Abstract
Human observers can effortlessly tell the difference between natural images and randomly generated noise. Some elementary statistical features that distinguish natural images can be captured in “naturalistic texture” images generated by a method devised by Portilla & Simoncelli (2000). These textures are easily distinguishable from randomly generated images with identical spectra, but it is unclear what features drive this perceptual sensitivity. We wondered whether certain frequency bands are particularly important for naturalness perception.
We created families of images that span the range from fully naturalistic textures to spectrally matched “noise.” Suitably combined, these create images with naturalistic structure limited to one of three spatial frequency bands: a low-pass spatial frequency band, a high-pass spatial frequency band, or the full spatial frequency spectrum. This allowed us to test how well an observer could discriminate the presence or absence of naturalistic structure, using a three-alternative forced-choice oddity task. As a control, we also had the observer perform a contrast discrimination task using the same base images, but now discriminating the presence or absence of contrast steps within the same low, high, and all-pass spatial frequency bands.

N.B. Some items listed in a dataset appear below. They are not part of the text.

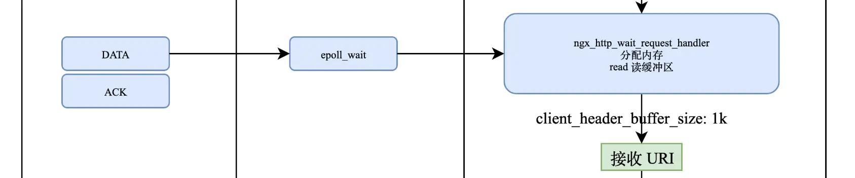 当用户真的把请求发来之后,操作系统会回复一个 ACK,同时事件模块的 epoll_wait 也拿到了这个请求,这个时候会调用设置的回调方法 ngx_http_wait_request_handler,将接收到的用户请求读到用户态中,而读取到用户态中需要操作系统分配内存,那么这段内存分配多大?从哪里分配呢?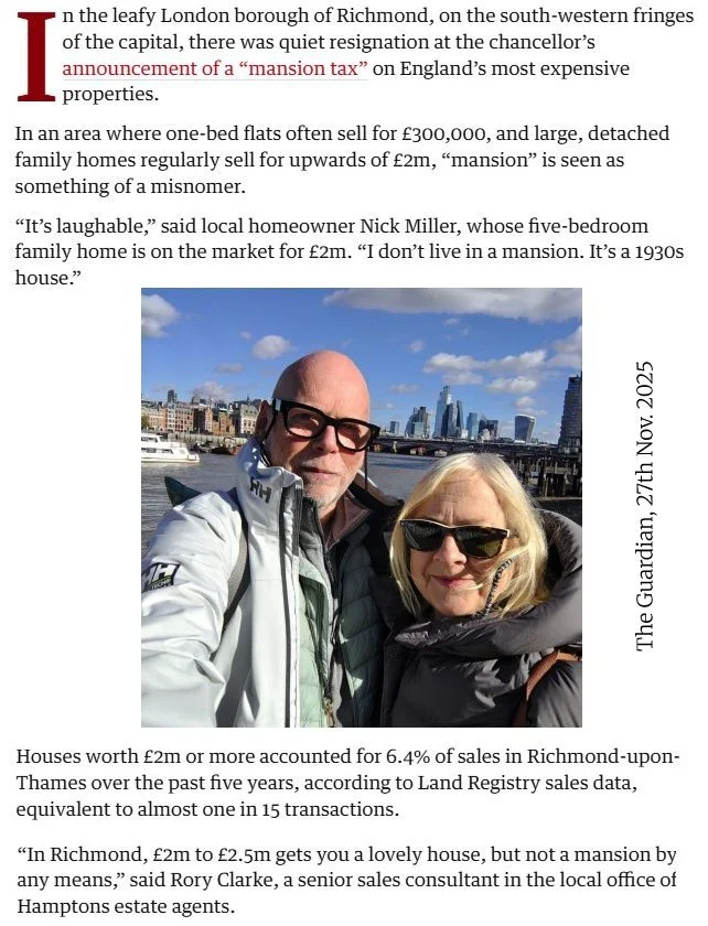 The new “Mansion Tax” on homes valued at over £2,000,000 does nothing to change the grossly unfair Council Tax and makes our property taxes even more complicated. More work for lawyers.
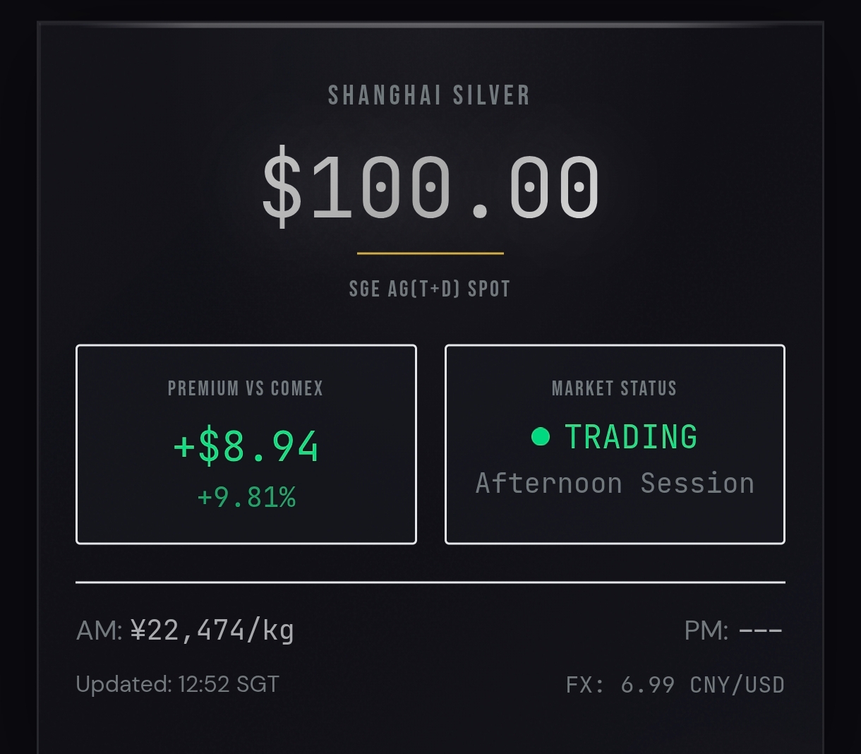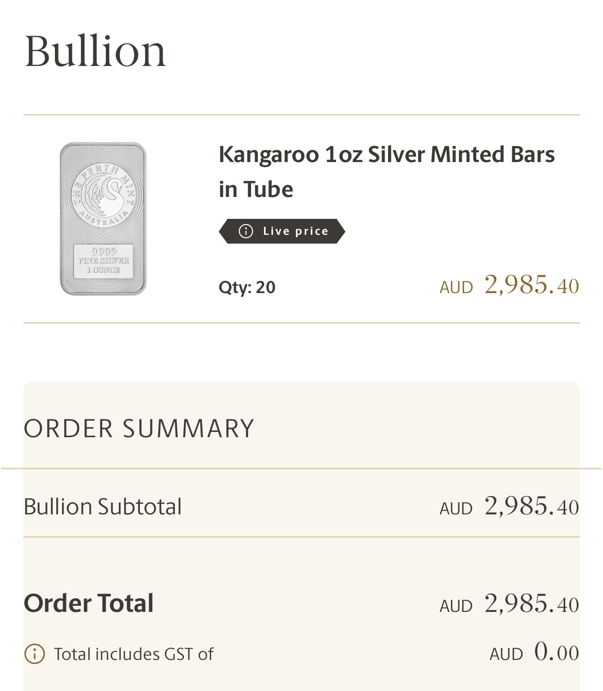 International shipping was higher than I initially thought and the difference in price wasn’t enough to justify the risk of an uninsured flight Vs in person pick up so I copped the local premiums. I think the converted price is 99.99 so if we truly surpass $100 I’m in the green. Though I did already buy a 1kg bar and 20 oz of other coins a couple days ago so I’m already clear on both of those
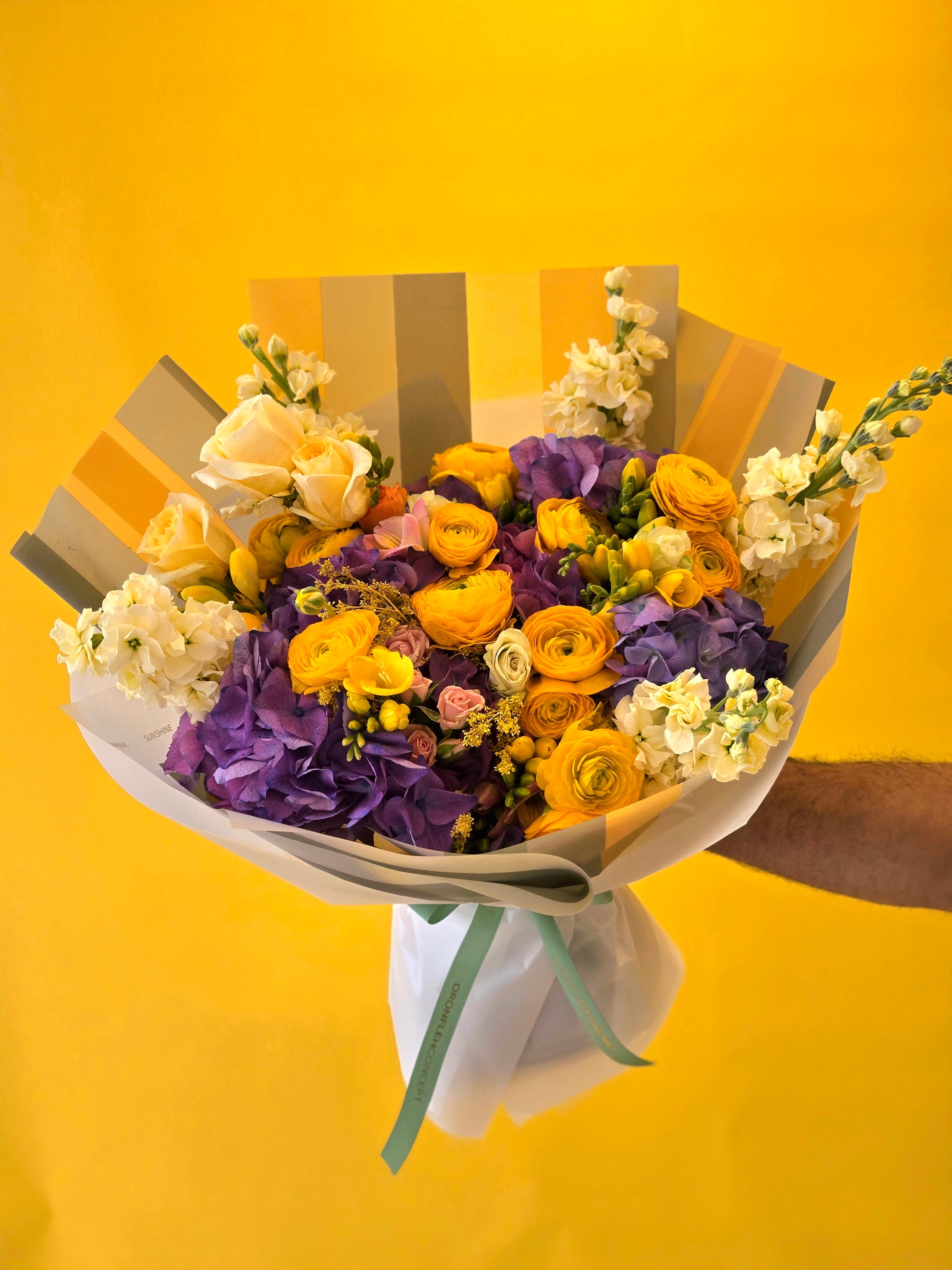 A bold and captivating bouquet where rich purples meet vibrant golden yellows, creating a striking contrast full of life and elegance. Designed with layered textures and fresh seasonal blooms, this arrangement radiates confidence, charm, and joyful sophistication—perfect for making a lasting impression.

Contrast discrimination was more strongly impaired by the removal of low-frequency contrast steps than of high-frequency steps. Conversely, performance in the texture discrimination task was largely robust to the removal of low-frequency naturalistic structure. These results suggest that our perception of image naturalness may rely on higher spatial frequency bands than those for which contrast sensitivity is highest. The prominent role of high-frequencies in texture discrimination may help explain a recently described deficit in texture sensitivity observed in amblyopic patients (Lee et al. 2017, SfN Meeting Abstract), who typically lack sensitivity to high spatial frequencies.